TASK TO CARRY OUT: Restate the records below word for word.

DATA:
• • • • • • •

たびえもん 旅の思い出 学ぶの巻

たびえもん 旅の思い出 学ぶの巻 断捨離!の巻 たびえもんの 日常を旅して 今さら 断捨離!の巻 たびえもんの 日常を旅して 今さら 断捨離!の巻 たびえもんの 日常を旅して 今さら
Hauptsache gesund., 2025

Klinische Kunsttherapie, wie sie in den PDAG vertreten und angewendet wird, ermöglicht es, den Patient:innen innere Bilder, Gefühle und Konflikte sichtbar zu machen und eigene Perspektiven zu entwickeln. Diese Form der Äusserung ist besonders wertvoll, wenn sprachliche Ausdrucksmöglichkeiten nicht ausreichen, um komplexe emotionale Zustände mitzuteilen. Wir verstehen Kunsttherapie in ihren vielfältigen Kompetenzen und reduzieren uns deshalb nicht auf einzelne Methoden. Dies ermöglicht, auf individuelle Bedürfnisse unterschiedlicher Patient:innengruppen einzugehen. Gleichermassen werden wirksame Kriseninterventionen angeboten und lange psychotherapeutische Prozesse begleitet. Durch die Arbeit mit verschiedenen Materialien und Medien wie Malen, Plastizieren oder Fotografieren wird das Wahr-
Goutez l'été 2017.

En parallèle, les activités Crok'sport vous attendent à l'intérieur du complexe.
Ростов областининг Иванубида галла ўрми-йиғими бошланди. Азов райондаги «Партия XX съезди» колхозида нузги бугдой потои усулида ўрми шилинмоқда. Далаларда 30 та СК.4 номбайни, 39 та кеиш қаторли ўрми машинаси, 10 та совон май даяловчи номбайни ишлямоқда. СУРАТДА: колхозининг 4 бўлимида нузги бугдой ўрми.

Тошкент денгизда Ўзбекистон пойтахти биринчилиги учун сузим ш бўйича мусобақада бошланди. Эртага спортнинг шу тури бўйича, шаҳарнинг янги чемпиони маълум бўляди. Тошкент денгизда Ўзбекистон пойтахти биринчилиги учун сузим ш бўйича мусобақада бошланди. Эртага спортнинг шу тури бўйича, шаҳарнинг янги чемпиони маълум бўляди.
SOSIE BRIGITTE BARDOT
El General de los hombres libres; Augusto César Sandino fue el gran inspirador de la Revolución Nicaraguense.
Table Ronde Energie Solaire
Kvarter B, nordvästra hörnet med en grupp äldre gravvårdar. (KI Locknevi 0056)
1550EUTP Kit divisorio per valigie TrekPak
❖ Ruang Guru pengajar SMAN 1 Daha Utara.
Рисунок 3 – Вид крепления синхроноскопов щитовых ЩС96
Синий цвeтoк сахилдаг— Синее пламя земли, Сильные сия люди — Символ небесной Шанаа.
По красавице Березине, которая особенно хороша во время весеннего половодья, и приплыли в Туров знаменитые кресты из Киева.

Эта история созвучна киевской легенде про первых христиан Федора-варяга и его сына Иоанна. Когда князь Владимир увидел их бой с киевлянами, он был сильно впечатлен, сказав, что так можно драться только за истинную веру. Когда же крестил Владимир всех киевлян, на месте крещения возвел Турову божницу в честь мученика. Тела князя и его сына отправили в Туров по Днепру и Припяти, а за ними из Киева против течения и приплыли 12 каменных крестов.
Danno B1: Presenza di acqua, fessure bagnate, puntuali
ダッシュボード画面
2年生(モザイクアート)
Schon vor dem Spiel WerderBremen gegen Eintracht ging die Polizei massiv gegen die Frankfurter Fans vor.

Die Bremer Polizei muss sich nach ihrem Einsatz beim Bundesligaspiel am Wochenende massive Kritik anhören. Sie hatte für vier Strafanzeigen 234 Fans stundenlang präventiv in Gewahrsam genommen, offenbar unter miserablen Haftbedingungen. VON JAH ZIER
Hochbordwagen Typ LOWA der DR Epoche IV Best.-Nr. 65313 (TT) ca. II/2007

• • • • • • •

SOLVED EXERCISE:
たびえもん 旅の思い出 学ぶの巻

たびえもん 旅の思い出 学ぶの巻 断捨離!の巻 たびえもんの 日常を旅して 今さら 断捨離!の巻 たびえもんの 日常を旅して 今さら 断捨離!の巻 たびえもんの 日常を旅して 今さら
Hauptsache gesund., 2025

Klinische Kunsttherapie, wie sie in den PDAG vertreten und angewendet wird, ermöglicht es, den Patient:innen innere Bilder, Gefühle und Konflikte sichtbar zu machen und eigene Perspektiven zu entwickeln. Diese Form der Äusserung ist besonders wertvoll, wenn sprachliche Ausdrucksmöglichkeiten nicht ausreichen, um komplexe emotionale Zustände mitzuteilen. Wir verstehen Kunsttherapie in ihren vielfältigen Kompetenzen und reduzieren uns deshalb nicht auf einzelne Methoden. Dies ermöglicht, auf individuelle Bedürfnisse unterschiedlicher Patient:innengruppen einzugehen. Gleichermassen werden wirksame Kriseninterventionen angeboten und lange psychotherapeutische Prozesse begleitet. Durch die Arbeit mit verschiedenen Materialien und Medien wie Malen, Plastizieren oder Fotografieren wird das Wahr-
Goutez l'été 2017.

En parallèle, les activités Crok'sport vous attendent à l'intérieur du complexe.
Ростов областининг Иванубида галла ўрми-йиғими бошланди. Азов райондаги «Партия XX съезди» колхозида нузги бугдой потои усулида ўрми шилинмоқда. Далаларда 30 та СК.4 номбайни, 39 та кеиш қаторли ўрми машинаси, 10 та совон май даяловчи номбайни ишлямоқда. СУРАТДА: колхозининг 4 бўлимида нузги бугдой ўрми.

Тошкент денгизда Ўзбекистон пойтахти биринчилиги учун сузим ш бўйича мусобақада бошланди. Эртага спортнинг шу тури бўйича, шаҳарнинг янги чемпиони маълум бўляди. Тошкент денгизда Ўзбекистон пойтахти биринчилиги учун сузим ш бўйича мусобақада бошланди. Эртага спортнинг шу тури бўйича, шаҳарнинг янги чемпиони маълум бўляди.
SOSIE BRIGITTE BARDOT
El General de los hombres libres; Augusto César Sandino fue el gran inspirador de la Revolución Nicaraguense.
Table Ronde Energie Solaire
Kvarter B, nordvästra hörnet med en grupp äldre gravvårdar. (KI Locknevi 0056)
1550EUTP Kit divisorio per valigie TrekPak
❖ Ruang Guru pengajar SMAN 1 Daha Utara.
Рисунок 3 – Вид крепления синхроноскопов щитовых ЩС96
Синий цвeтoк сахилдаг— Синее пламя земли, Сильные сия люди — Символ небесной Шанаа.
По красавице Березине, которая особенно хороша во время весеннего половодья, и приплыли в Туров знаменитые кресты из Киева.

Эта история созвучна киевской легенде про первых христиан Федора-варяга и его сына Иоанна. Когда князь Владимир увидел их бой с киевлянами, он был сильно впечатлен, сказав, что так можно драться только за истинную веру. Когда же крестил Владимир всех киевлян, на месте крещения возвел Турову божницу в честь мученика. Тела князя и его сына отправили в Туров по Днепру и Припяти, а за ними из Киева против течения и приплыли 12 каменных крестов.
Danno B1: Presenza di acqua, fessure bagnate, puntuali
ダッシュボード画面
2年生(モザイクアート)
Schon vor dem Spiel WerderBremen gegen Eintracht ging die Polizei massiv gegen die Frankfurter Fans vor.

Die Bremer Polizei muss sich nach ihrem Einsatz beim Bundesligaspiel am Wochenende massive Kritik anhören. Sie hatte für vier Strafanzeigen 234 Fans stundenlang präventiv in Gewahrsam genommen, offenbar unter miserablen Haftbedingungen. VON JAH ZIER
Hochbordwagen Typ LOWA der DR Epoche IV Best.-Nr. 65313 (TT) ca. II/2007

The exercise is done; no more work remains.